I’m trying to find an exchange opportunity for my 10 year old boy. He would like to join a Japanese baseball club for 3 months - 1 year and we could then return the favor and host a Japanese boy here in Virginia. Does anyone know of any Japanese families that would be interested in this and/or a strategy for us to find such an exchange for 2022/2023? Thank you!


----------



## BC305 (Feb 3, 2021)

Hi Swen,
I'm not aware of any exchange program for your son's age or specific to baseball. However, there are high school exchange programs (e.g. Youth for Understanding). These can be for the summer or a year and your son could potentially join the school team.

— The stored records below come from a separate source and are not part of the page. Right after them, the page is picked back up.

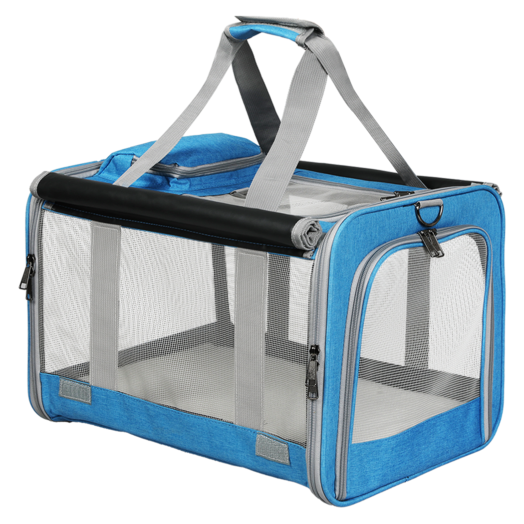 The four-sided mesh design with a roll-up curtain offers ventilation and a view for your pet, reducing their anxiety on outings. Foldable and just 6cm high when folded, it's easy to store and transport, fitting neatly in a closet, under a bed, or in the trunk of your car.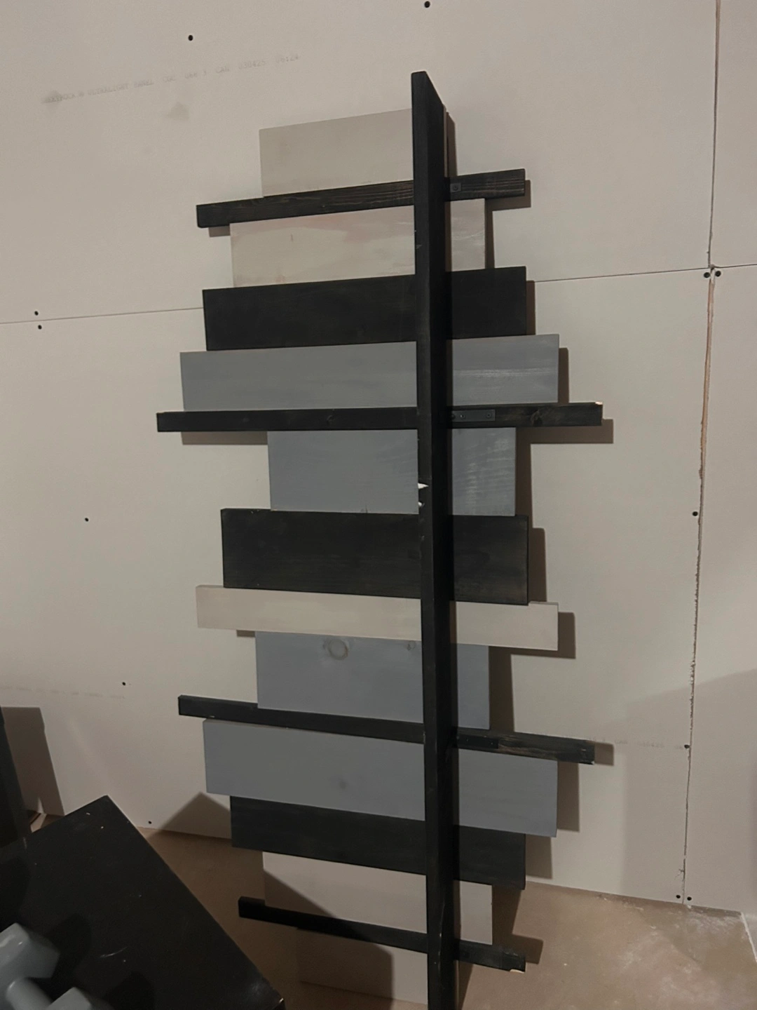 60Unique wall hanging. Grey and black wood. Modern design with shelve. Adds character to any room.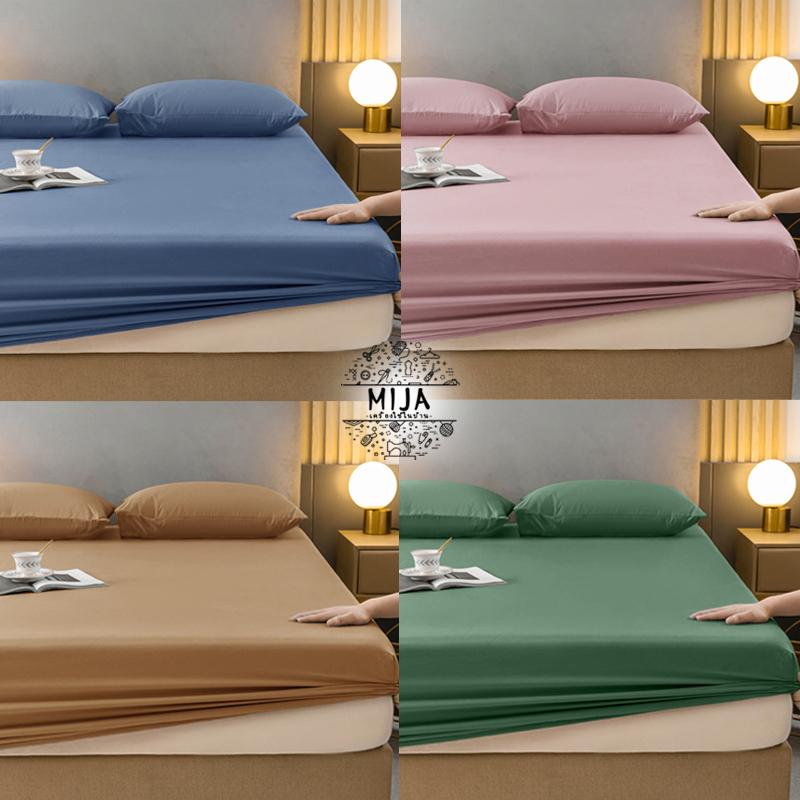 MIJA ผ้าปูที่นอน 3.5ฟุต/5ฟุต/6ฟุต ชุดเครื่องนอนสีพื้น ผ้าปูที่นอนกันไรฝุ่น ผ้ารองกันเปื้อนที่นอน ผ้าปูที่นอนมินิมอล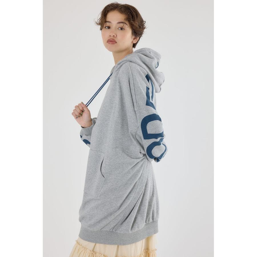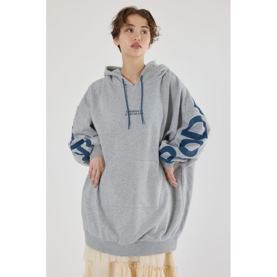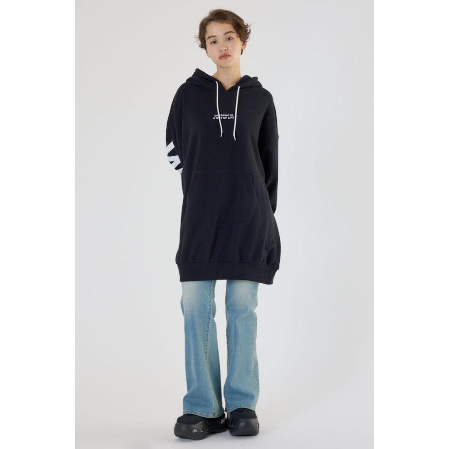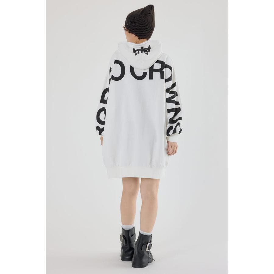 袖から袖にかけ大胆にロゴデザインプリントが施されているスウェットワンピース。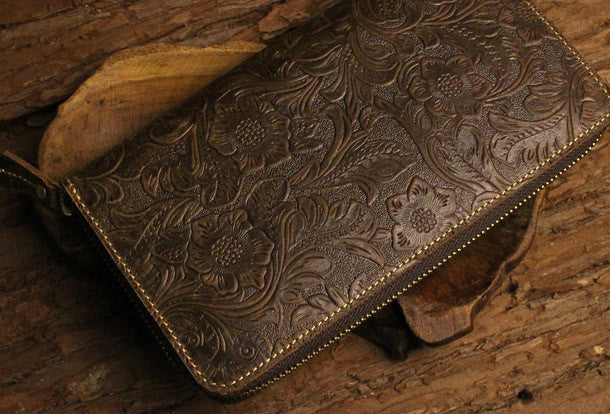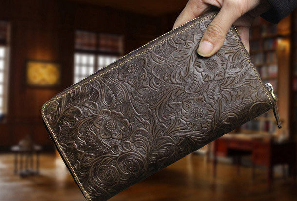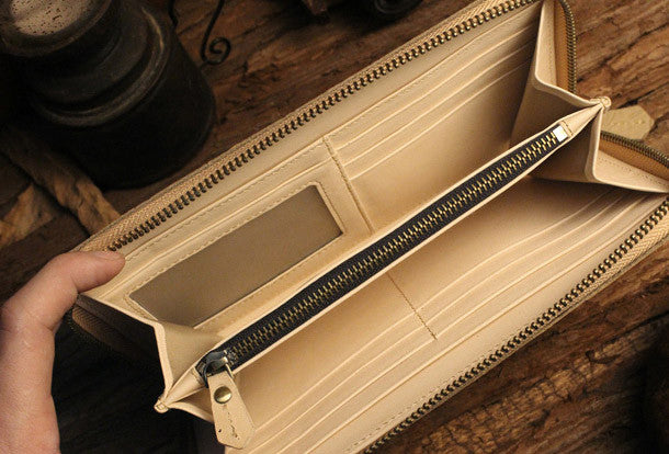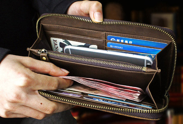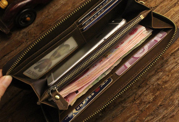 Style: Vintage Men Leather Long Wallet, clutch, zip wallet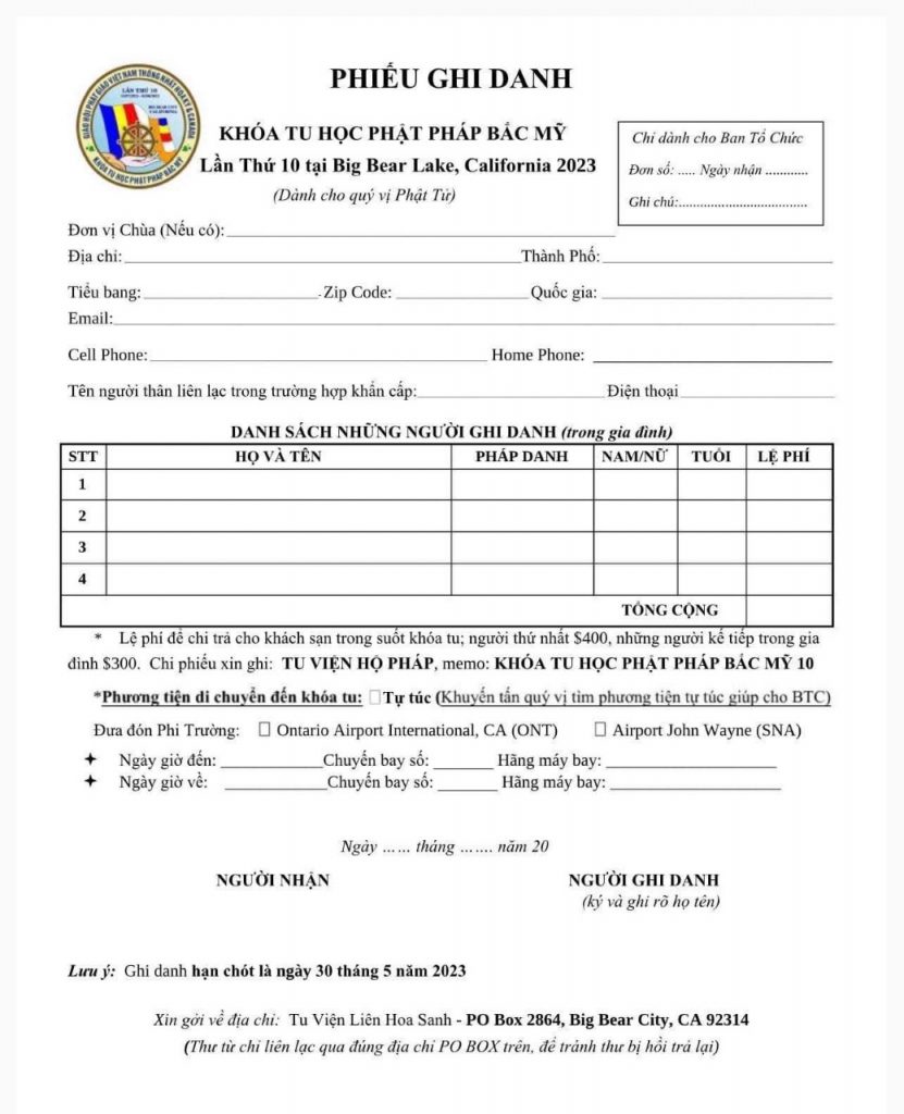 Phiếu Ghi Danh khóa tu 7.31.2023-8.3.2023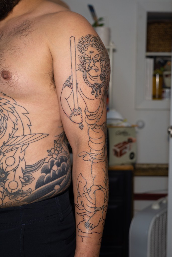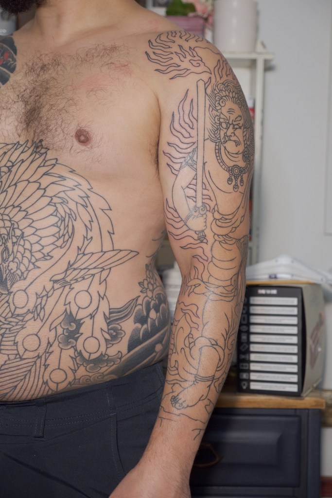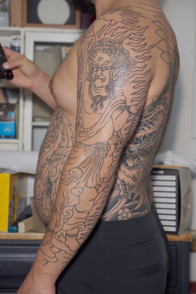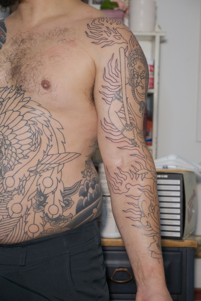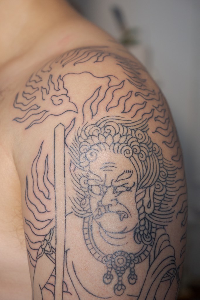 The outlining continues! My 94th appointment with Horizakura was 1.5 hours of outline around the Fudo-Myoo on my left arm. He continued the halo of flames on my inner arm and added the “head” of the Karura Flame on top of my shoulder. Longtime readers may remember that I offer very little input on the process. With the exception of a couple major pieces I have mostly let Horizakura design the whole tattoo on his own. This appointment was no different in that respect, but it was unique in another way. As he was designing the Karura Flame on my shoulder, he started having a conversation with his apprentices (who were observing) about the design. Mind you, all of this was in Japanese, so besides one or two words, my whole understanding of the exchange was from body language. The most interesting part about this was that this didn’t really seem to be Horizakura teaching his apprentices what he was doing, but more of an open dialogue about the design. It went on for maybe 10 or 15 minutes. He drew on me, they discussed, somebody made a suggestion, they drew an example on paper, he made some changes on me, and they discussed some more. At one point an apprentice even gloved up and drew on me a little, then more changes and discussion. The whole exchange was really fun to be a part of. I’m sure it would have been even cooler if I understood Japanese. While this was going on, I reflected on this part of the master – apprentice relationship. I don’t claim to know very much about the way a tattoo apprenticeship normally goes, much less a more traditional Japanese apprenticeship, but this particular interaction was much more of a two-way street than I would have expected. I suppose it shouldn’t come as too much of a surprise as I know lots of tattoo artists will trade off working on the same drawing to play off of and learn from each other. I found it interesting that this back and forth was happening regarding a client’s tattoo. I wonder if a more particular client would be adamant about the artist they selected being the one to design the piece. It didn’t bother me at all that other people in the room (be they apprentices or otherwise) were having input on the process, that sort of community feedback can be a big part of art in general. I thought it was pretty awesome to be a part of, I’m glad it happened.

That might not be a good time for him to be absent from baseball back home though depending on his baseball aspirations/college plans. Last thought...contact the Japan Little League Baseball Association and see if they know of any program your son might be able to participate in (公益財団法人日本リトルリーグ野球協会). Best of luck to you.


----------



## SwenJohnson (Nov 4, 2021)

BC305 said:


> Hi Swen,
> I'm not aware of any exchange program for your son's age or specific to baseball. However, there are high school exchange programs (e.g. Youth for Understanding). These can be for the summer or a year and your son could potentially join the school team. That might not be a good time for him to be absent from baseball back home though depending on his baseball aspirations/college plans. Last thought...contact the Japan Little League Baseball Association and see if they know of any program your son might be able to participate in (公益財団法人日本リトルリーグ野球協会). Best of luck to you.


Thank you, we will get started on this!


----------